**What to produce**: Set down a faithful copy of every record below, with no images.

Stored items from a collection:
--------------------------------

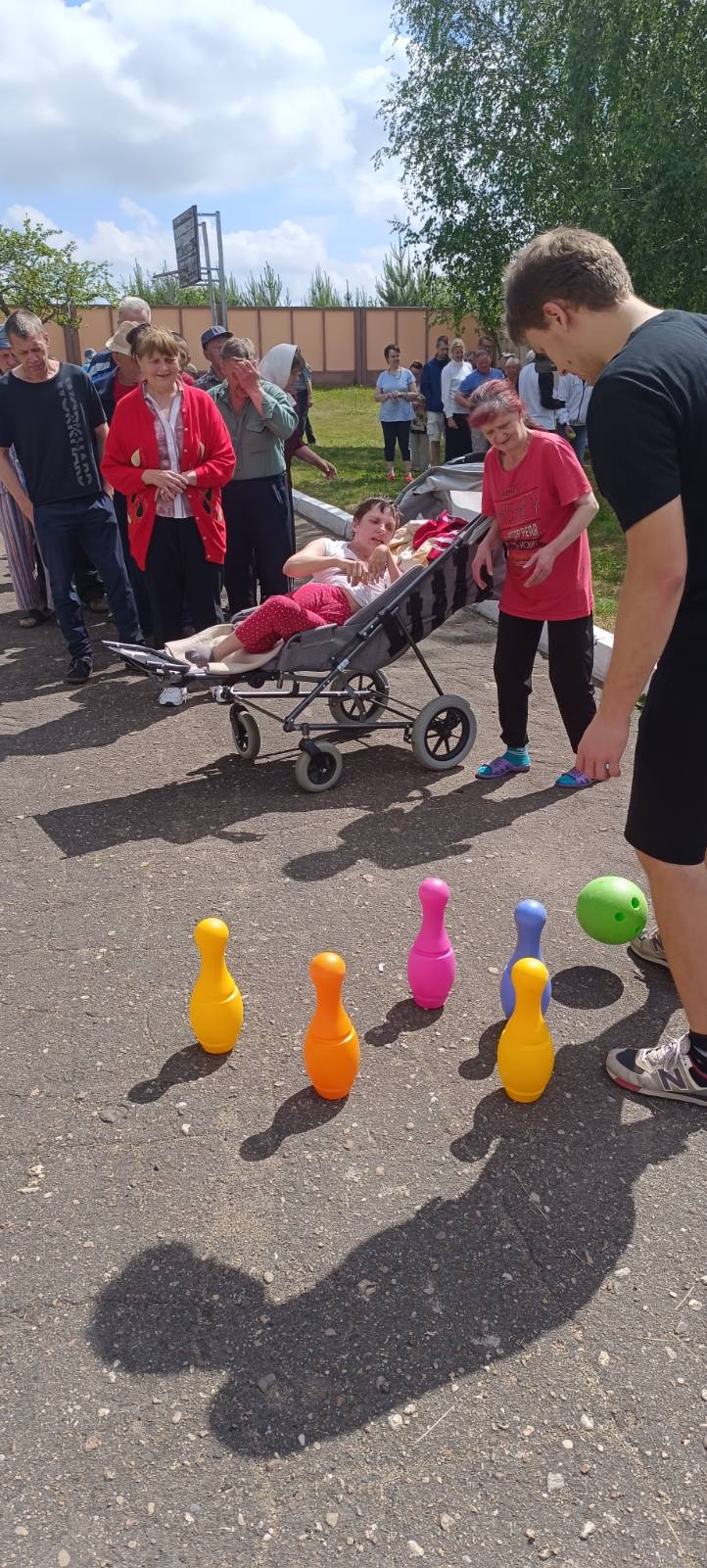 Первый день лета в доме-интернате отметили игровой программой «Вместе весело играть» Мероприятие проходило на свежем воздухе на территории дома-интерната. Для участников игровой программы были организованы игровые зоны, где все желающие могли найти себе занятие по душе: рисовать мелками на асфальте, петь песни с друзьями на музыкальной станции, играть в боулинг и проявлять свои навыки на спортивной площадке. Каждый участник получал жетон за участие, который в дальнейшем мог поменять на сувениры, которые приготовили наши спонсоры и друзья.
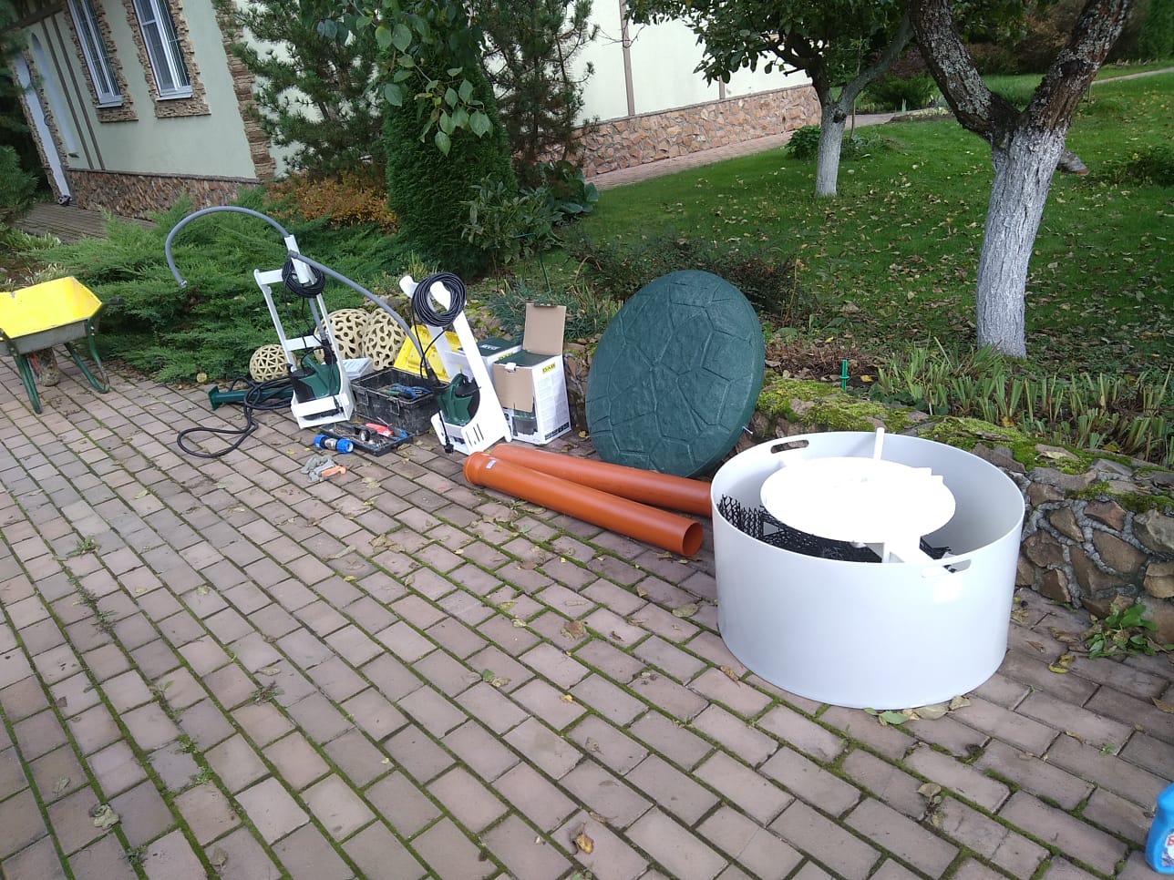 - Если вода из системы используется для полива, то каждые три месяца (или по мере расхода дезинфекционных таблеток) необходимо менять загрузку в камере обеззараживания — положить 3 таблетки в специальный поплавок.
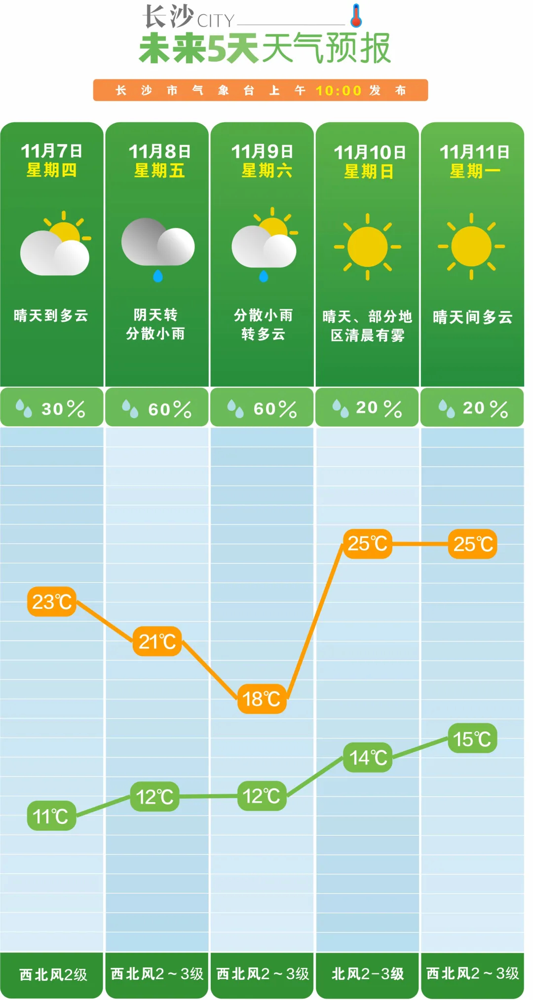 据中国天气,长沙在11-12日,最高气温可达25℃左右,温暖如春。
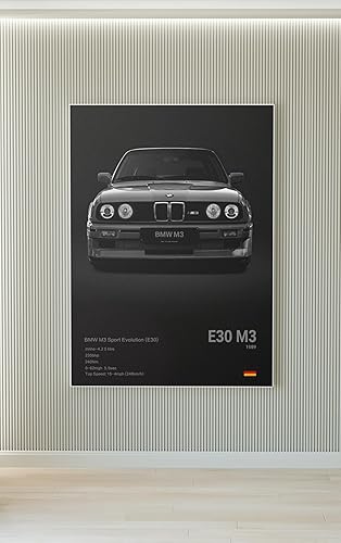 Poster BMW M3 E30 au format 40x60 cm sans cadre | impression sur toile haute qualité | décoration murale moderne idéale pour chambre, bureau ou garage | parfait pour passionnés d'automobiles
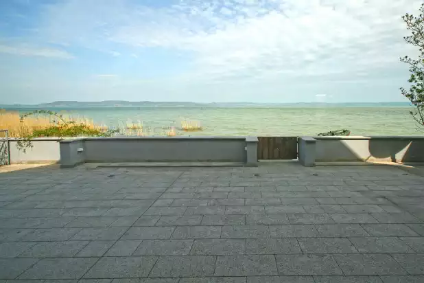 A 41 méter partszélesség, nagyon széles rálátást biztosít a tóra. Nem hinném, hogy sok ilyen hely lenne a Balatonnál. Az ilyen, és ehhez hasonló ingatlanok ritkák, nem állnak korlátlanul rendelkezésre. A teraszról közvetlen kijárat van a saját stégre.
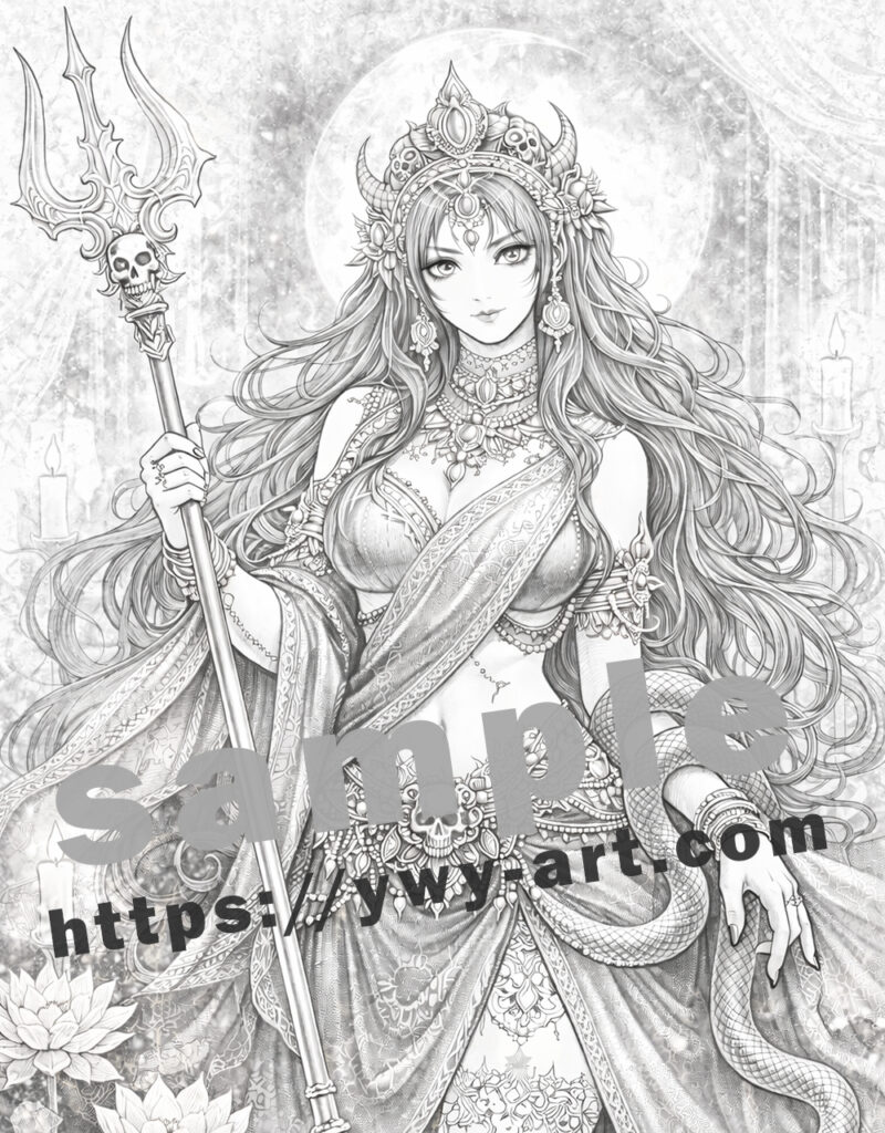 In this illustration, Parvati appears beneath a glowing moon, surrounded by symbols connected to Shiva and the mysteries of the universe. The trident, sacred ornaments, flowing garments, and serpent motifs create intricate details that invite careful coloring and creative interpretation.
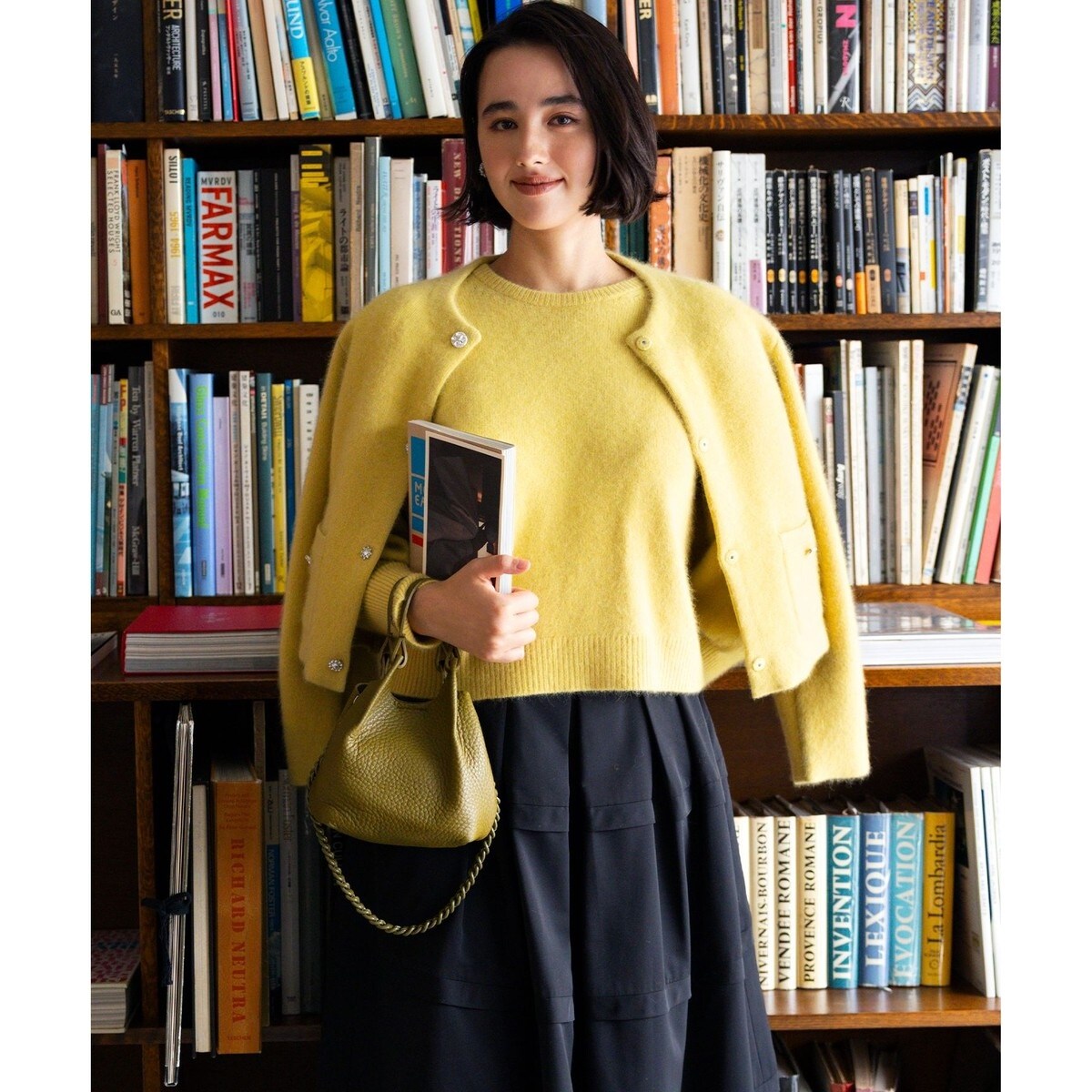 ■デザイン軽くて保温性に優れたヘアリーなニットは1枚で着映えする袖のタックディテールや長めのリブ袖がポイント。スカートや分量のあるボトムに合わせたときに丁度良い丈感ですっきりと決まります。肩の位置をやや内側にすることで女性らしい華奢なシルエットに仕上げ、楽な着心地ながら上品に決まるデザインを追求しました。同素材のニットジャケットとのアンサンブル着用もおすすめです。
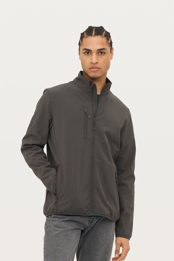 Мужская водонепроницаемая и ветрозащитная куртка на молнии из трехслойного софтшелла с флисовой изнанкой. Выполнена из переработанного полиэстера.
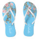 Pink Flowers Bright Blue Wedding Bride Flip Flops

--------------------------------

**Answer to this task**:
 Первый день лета в доме-интернате отметили игровой программой «Вместе весело играть» Мероприятие проходило на свежем воздухе на территории дома-интерната. Для участников игровой программы были организованы игровые зоны, где все желающие могли найти себе занятие по душе: рисовать мелками на асфальте, петь песни с друзьями на музыкальной станции, играть в боулинг и проявлять свои навыки на спортивной площадке. Каждый участник получал жетон за участие, который в дальнейшем мог поменять на сувениры, которые приготовили наши спонсоры и друзья.
 - Если вода из системы используется для полива, то каждые три месяца (или по мере расхода дезинфекционных таблеток) необходимо менять загрузку в камере обеззараживания — положить 3 таблетки в специальный поплавок.
 据中国天气,长沙在11-12日,最高气温可达25℃左右,温暖如春。
 Poster BMW M3 E30 au format 40x60 cm sans cadre | impression sur toile haute qualité | décoration murale moderne idéale pour chambre, bureau ou garage | parfait pour passionnés d'automobiles
 A 41 méter partszélesség, nagyon széles rálátást biztosít a tóra. Nem hinném, hogy sok ilyen hely lenne a Balatonnál. Az ilyen, és ehhez hasonló ingatlanok ritkák, nem állnak korlátlanul rendelkezésre. A teraszról közvetlen kijárat van a saját stégre.
 In this illustration, Parvati appears beneath a glowing moon, surrounded by symbols connected to Shiva and the mysteries of the universe. The trident, sacred ornaments, flowing garments, and serpent motifs create intricate details that invite careful coloring and creative interpretation.
 ■デザイン軽くて保温性に優れたヘアリーなニットは1枚で着映えする袖のタックディテールや長めのリブ袖がポイント。スカートや分量のあるボトムに合わせたときに丁度良い丈感ですっきりと決まります。肩の位置をやや内側にすることで女性らしい華奢なシルエットに仕上げ、楽な着心地ながら上品に決まるデザインを追求しました。同素材のニットジャケットとのアンサンブル着用もおすすめです。
 Мужская водонепроницаемая и ветрозащитная куртка на молнии из трехслойного софтшелла с флисовой изнанкой. Выполнена из переработанного полиэстера.
 Pink Flowers Bright Blue Wedding Bride Flip Flops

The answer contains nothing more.